Free to Be, You and Me
by Vince Vanguard Vainglorious
Hmmm, I wonder what they’ll be begging for this time, I think. They’ve lost all their power, but they haven’t lost the arrogance.
“Sir the President of the United States is here to see you,” the receptionist announces.
“Does he have the Cuban cigars I asked him to bring this time.”
“No, I don’t think so,” she replies with a wry giggle.

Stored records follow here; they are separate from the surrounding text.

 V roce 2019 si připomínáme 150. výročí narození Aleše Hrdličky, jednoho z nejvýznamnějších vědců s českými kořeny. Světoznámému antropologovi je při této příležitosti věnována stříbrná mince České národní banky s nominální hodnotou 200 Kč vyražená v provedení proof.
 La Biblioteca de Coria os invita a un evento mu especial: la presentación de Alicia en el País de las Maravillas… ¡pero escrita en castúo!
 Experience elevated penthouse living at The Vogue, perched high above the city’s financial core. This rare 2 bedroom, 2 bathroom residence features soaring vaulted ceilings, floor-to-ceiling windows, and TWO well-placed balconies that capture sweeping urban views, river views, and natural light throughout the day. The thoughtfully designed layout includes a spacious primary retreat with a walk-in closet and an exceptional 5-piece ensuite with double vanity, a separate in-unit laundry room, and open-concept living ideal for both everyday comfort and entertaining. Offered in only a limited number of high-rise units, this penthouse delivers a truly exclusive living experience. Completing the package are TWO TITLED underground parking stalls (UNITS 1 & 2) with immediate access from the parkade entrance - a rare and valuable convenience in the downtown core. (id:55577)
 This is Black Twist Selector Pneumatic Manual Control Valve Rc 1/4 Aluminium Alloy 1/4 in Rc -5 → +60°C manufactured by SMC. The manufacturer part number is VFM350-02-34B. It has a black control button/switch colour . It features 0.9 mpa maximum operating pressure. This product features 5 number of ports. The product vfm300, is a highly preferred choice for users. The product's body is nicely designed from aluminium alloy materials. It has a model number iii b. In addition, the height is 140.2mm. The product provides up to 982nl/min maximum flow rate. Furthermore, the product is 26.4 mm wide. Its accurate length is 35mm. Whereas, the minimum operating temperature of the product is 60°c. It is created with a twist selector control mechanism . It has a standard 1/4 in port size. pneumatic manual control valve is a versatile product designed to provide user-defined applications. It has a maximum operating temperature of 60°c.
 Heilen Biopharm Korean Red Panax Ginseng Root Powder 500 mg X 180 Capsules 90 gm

“OK, let him wait a while then.”
One day when I was in school as we said the Pledge of Allegiance, I wasn’t so much stuck on the words that make up the pledge, but the word allegiance itself. Allegiance ~ Loyalty or the obligation of loyalty, as to a nation. It was obvious to me at a young age that it didn’t include “…liberty and justice for all.” that was well - elementary. With all the flag represented the question for me though was did I ally myself with what the flag stood for??? The answer was obvious to me - No.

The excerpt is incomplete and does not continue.